Code in question from Id_script3.pl:
# main sub
{ # closure
# keep %species local to sub-routine but only init it once
my %species;
sub _init {
open my $in, '<', 'SpeciesId.txt' or die "could not open SpeciesId.txt: $!";
my $spec;
while (<$in>) {
chomp;
next if /^\s*$/; # skip blank lines
if (m{^([A-Z])\s*=\s*(\d+(?:\.\d)?)(?:\s+AND\s+(\d+(?:\.\d)?))?$}) {
# handle letter = lines
$species{$spec}{$1} = [$2];
push @{$species{$spec}{$1}}, $3 if $3;
} else {
# handle species name lines
$spec = $_;
$len = length($spec) if (length($spec) > $len);
}
}
close $in;
}
sub analyze {
my ($masses) = @_;
_init() unless %species;
my %data;
# loop over species entries
SPEC:
foreach my $spec (keys %species) {
# loop over each letter of a species
LTR:
foreach my $ltr (keys %{$species{$spec}}) {
# loop over each mass for a letter
foreach my $mass (@{$species{$spec}{$ltr}}) {
# skip to next letter if it is not found
next LTR unless exists($masses->{$mass});
}
# if we get here, all mass values were found for the species/letter
$data{$spec}{cnt}++;
}
}
The script requires a modification, in which 'SpeciesId3.txt' will be used instead of the 'SpeciesId.txt' which is currently used by the script.
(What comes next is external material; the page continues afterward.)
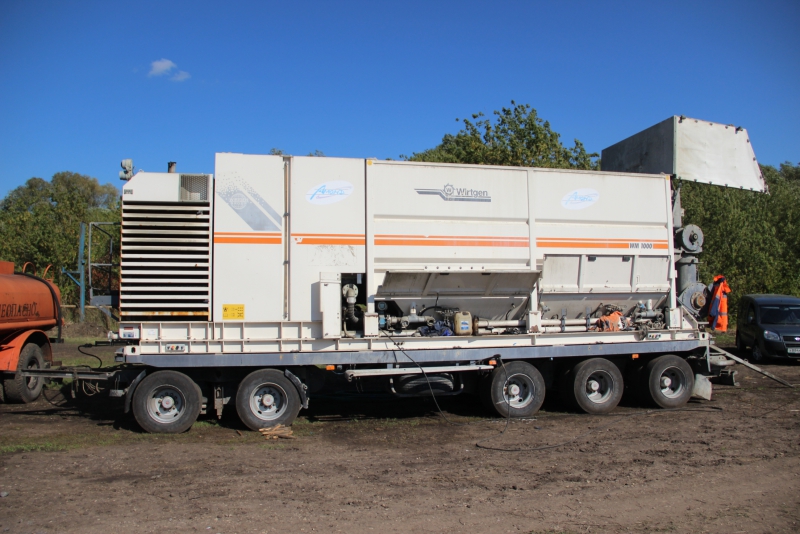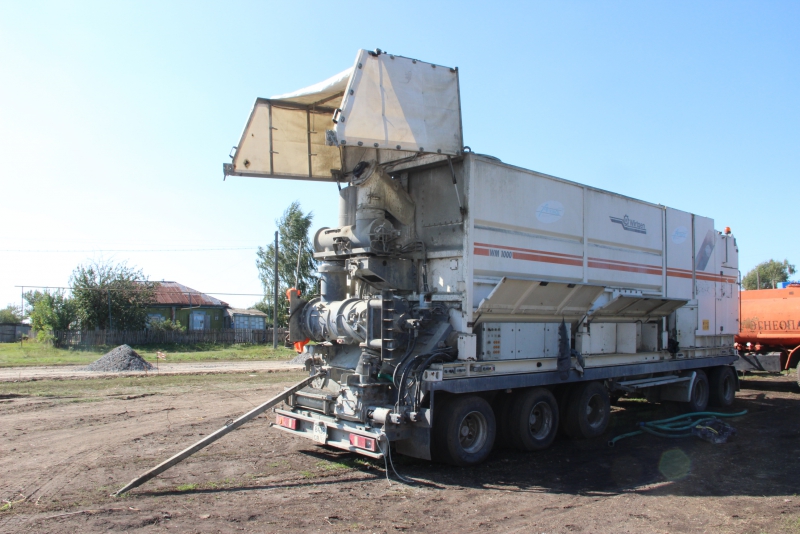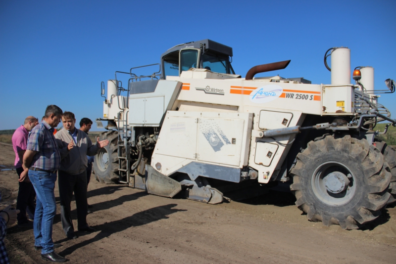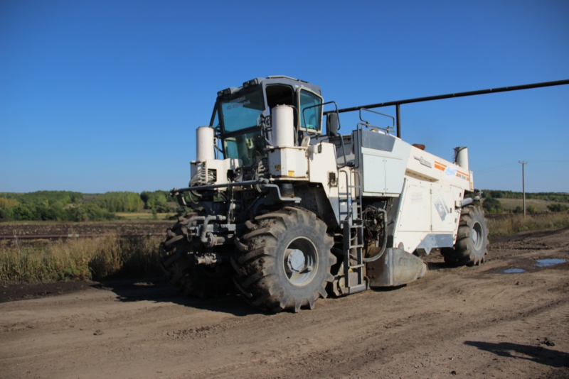 Он пояснил, что, по сути, работа по подготовке основания здесь проходит в 2 этапа. Остатки дорожного покрытия срезает фреза, затем ее выравнивает грейдер и укатывает каток, после чего по нему распределяется щебень, и уже затем проходит специальная дорожная техника, которая перерабатывает заготовленный материал и щебень и добавляет вяжущий элемент.

There is a slight difference between the two files, so a slight modification would need to be made to the script for it to function; the difference being that SpeciesId3.txt contains no letters (A =, B =, C =) and simply a (much) longer list of values as compared to the original 'SpeciesId.txt'.
SpeciesId.txt:
African Elephant
B = 1453.7
C = 1577.8
D = 2115.1
E = 2808.4
F = 2853.5 AND 2869.5
G = 2999.4 AND 3015.4
Indian Elephant
B = 1453.7
C = 1577.8
D = 2115.1
E = 2808.4
F = 2853.5 AND 2869.5
G = 2999.4 AND 3015.4
Rabbit
A = 1221.6 AND 1235.6
B = 1453.7
C = 1592.8
D = 2129.1
E = 2808.4
F = 2883.5 AND 2899.5
G = 2957.4 AND 2973.4
SpeciesID3.txt (File to be used/script to be modified for:)
African Elephant
826.4
836.4
840.4
852.4
858.4
886.4
892.5
898.5
904.5
920.5
950.5
1001.5
1015.5
1029.5
1095.6
1105.6
Indian Elephant
835.4
836.4
840.5
852.4
868.4
877.4
886.4
892.5
894.5
898.5
908.5
920.5
950.5
1095.6
1105.6
1154.6
1161.6
1180.7
1183.6
1189.6
1196.6
1201.6
1211.6
1230.6
1261.6
1267.7
Rabbit
817.5
836.4
852.4
868.5
872.4
886.4
892.5
898.5
908.5
950.5
977.5
1029.5
1088.6
1095.6
1105.6
1125.5
1138.6
1161.6
1177.6
1182.6
1201.6
1221.6
1235.6
1267.7
1280.6
1311.6
1332.7
1378.5
1437.7
1453.7
1465.7
1469.7
As you can see, the letters (A =, B = ) have been lost for SpeciesID3.txt.
I've tried a couple of attempted "work-arounds" but am yet to write one that works.
Many Thanks,
Stephen.
Upvotes: 0
Views: 1029
Reputation: 189307
if (m{^([A-Z])\s*=\s*(\d+(?:\.\d)?)(?:\s+AND\s+(\d+(?:\.\d)?))?$}) {
This line contains a regular expression which looks for an uppercase letter [A-Z]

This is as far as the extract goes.